#### WHAT THE TASK ASKS
Print the material below exactly as it stands, please, from its first line to the line holding "为推进学生工作发展与创新,提", with no pictures.
Start of Block
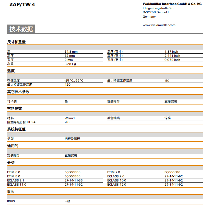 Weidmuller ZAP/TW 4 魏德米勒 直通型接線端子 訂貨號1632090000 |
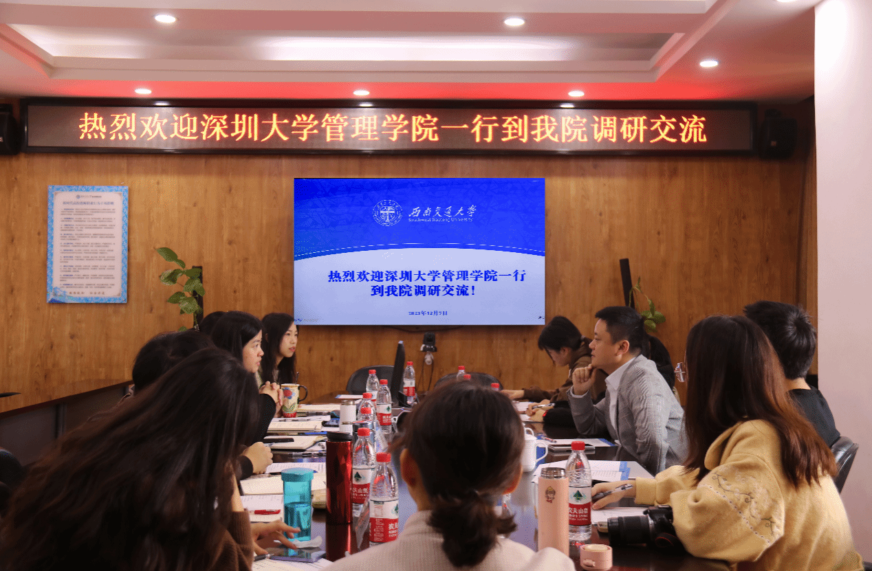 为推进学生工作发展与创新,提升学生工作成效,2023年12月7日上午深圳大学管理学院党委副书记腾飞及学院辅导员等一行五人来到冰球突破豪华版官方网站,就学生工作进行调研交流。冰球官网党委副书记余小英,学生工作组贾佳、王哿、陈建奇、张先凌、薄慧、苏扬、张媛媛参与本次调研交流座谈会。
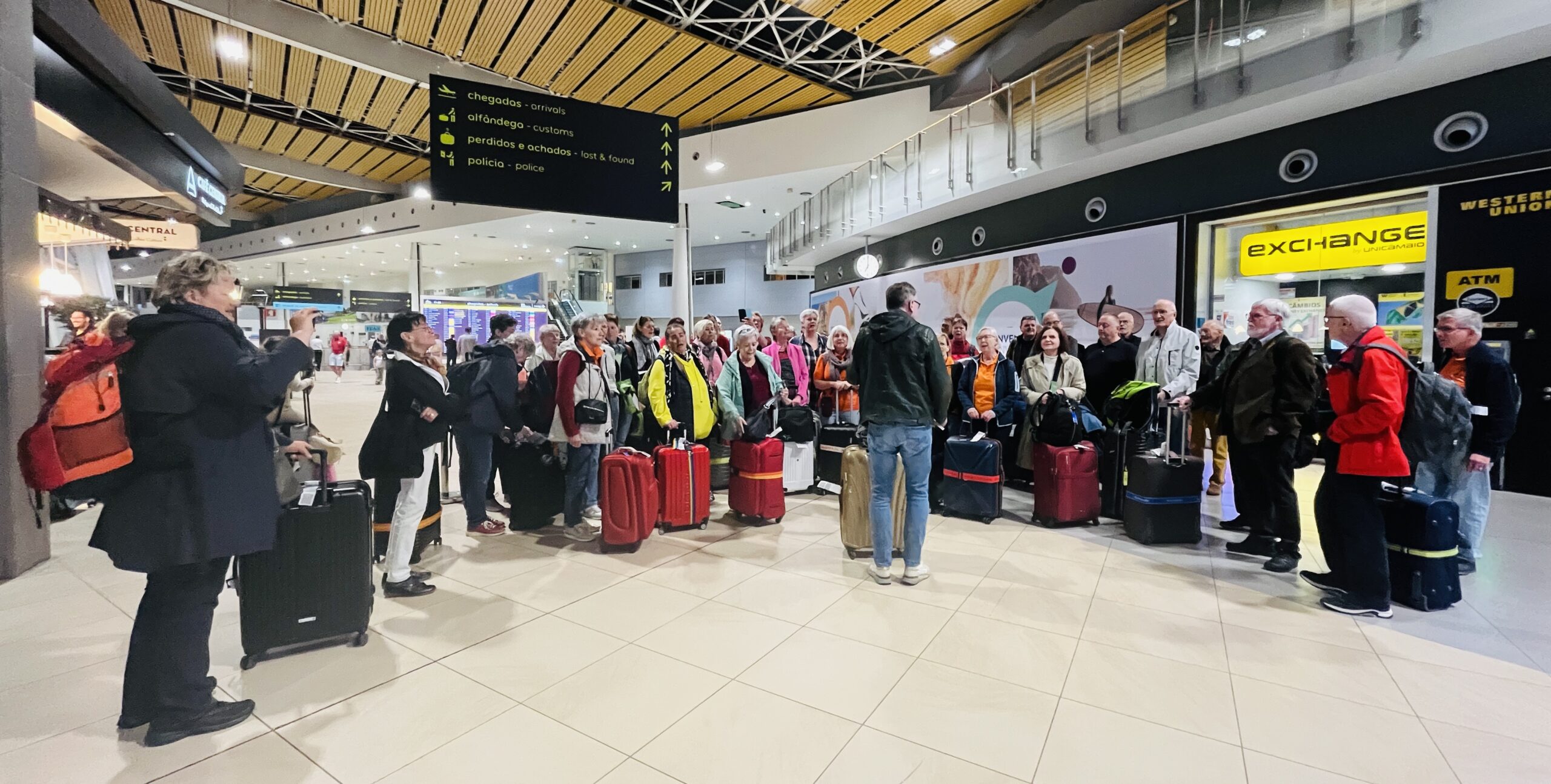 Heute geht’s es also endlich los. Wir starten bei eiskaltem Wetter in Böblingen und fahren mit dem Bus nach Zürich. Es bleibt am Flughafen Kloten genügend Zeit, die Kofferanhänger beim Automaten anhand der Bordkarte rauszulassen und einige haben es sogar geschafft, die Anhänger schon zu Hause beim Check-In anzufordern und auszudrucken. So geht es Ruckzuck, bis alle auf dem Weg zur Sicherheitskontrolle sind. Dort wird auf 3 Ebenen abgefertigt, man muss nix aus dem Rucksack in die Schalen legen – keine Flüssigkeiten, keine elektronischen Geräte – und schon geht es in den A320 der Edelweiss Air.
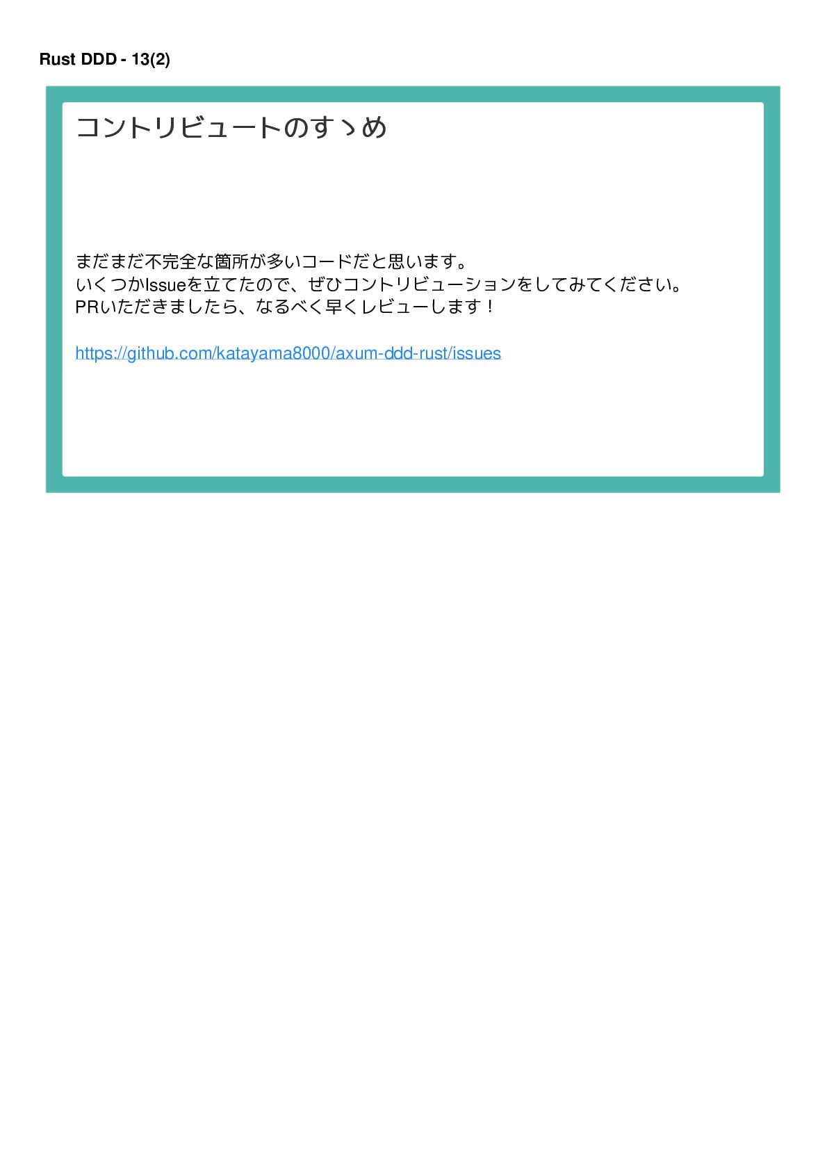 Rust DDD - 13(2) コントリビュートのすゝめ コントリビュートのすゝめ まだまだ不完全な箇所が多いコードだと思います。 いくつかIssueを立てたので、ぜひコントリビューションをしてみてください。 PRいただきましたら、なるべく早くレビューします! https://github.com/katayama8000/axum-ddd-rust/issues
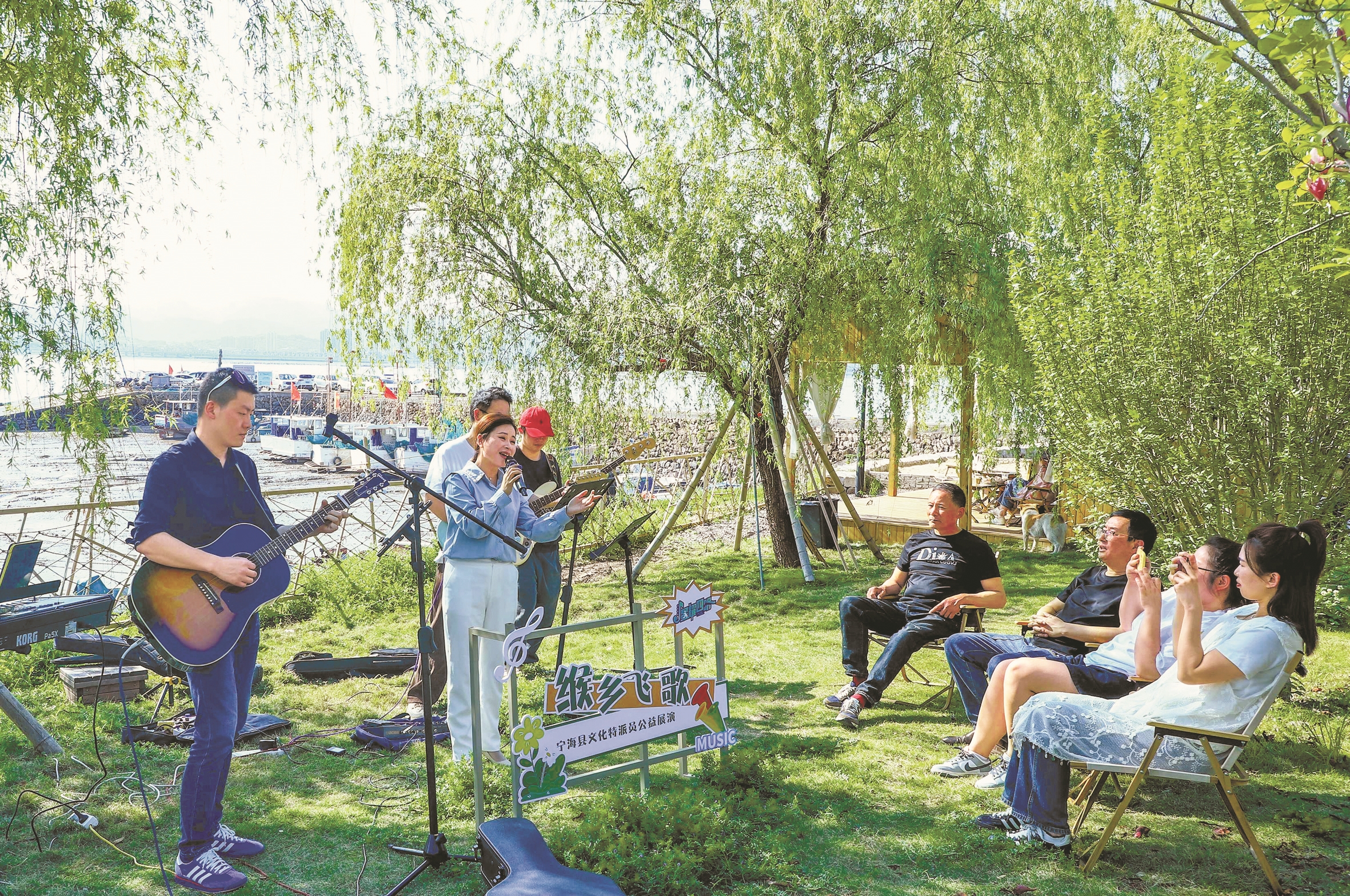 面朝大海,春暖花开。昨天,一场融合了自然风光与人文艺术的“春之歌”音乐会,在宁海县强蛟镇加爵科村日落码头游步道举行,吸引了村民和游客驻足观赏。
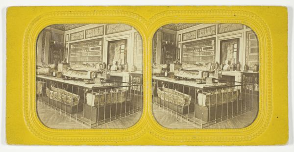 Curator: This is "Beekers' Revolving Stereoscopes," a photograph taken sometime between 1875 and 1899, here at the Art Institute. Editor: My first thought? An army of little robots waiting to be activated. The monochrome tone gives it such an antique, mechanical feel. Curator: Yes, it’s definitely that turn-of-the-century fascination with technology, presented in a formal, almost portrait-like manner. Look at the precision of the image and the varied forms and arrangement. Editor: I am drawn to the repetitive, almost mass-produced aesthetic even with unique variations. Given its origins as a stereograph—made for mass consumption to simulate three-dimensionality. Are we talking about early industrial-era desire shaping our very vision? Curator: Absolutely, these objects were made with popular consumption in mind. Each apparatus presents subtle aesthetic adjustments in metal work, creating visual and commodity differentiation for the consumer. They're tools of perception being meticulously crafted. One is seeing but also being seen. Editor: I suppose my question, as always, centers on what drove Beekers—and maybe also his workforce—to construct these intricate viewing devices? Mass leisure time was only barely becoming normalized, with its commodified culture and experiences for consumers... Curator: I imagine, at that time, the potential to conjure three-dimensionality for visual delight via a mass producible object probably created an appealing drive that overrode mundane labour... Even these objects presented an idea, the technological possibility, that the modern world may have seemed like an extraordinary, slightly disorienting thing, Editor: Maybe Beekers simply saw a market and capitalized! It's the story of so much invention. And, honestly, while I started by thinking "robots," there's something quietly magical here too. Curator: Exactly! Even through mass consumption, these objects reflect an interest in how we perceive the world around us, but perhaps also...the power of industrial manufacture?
End of Block
#### REPLY TO THE TASK
 Weidmuller ZAP/TW 4 魏德米勒 直通型接線端子 訂貨號1632090000 |
 为推进学生工作发展与创新,提升学生工作成效,2023年12月7日上午深圳大学管理学院党委副书记腾飞及学院辅导员等一行五人来到冰球突破豪华版官方网站,就学生工作进行调研交流。冰球官网党委副书记余小英,学生工作组贾佳、王哿、陈建奇、张先凌、薄慧、苏扬、张媛媛参与本次调研交流座谈会。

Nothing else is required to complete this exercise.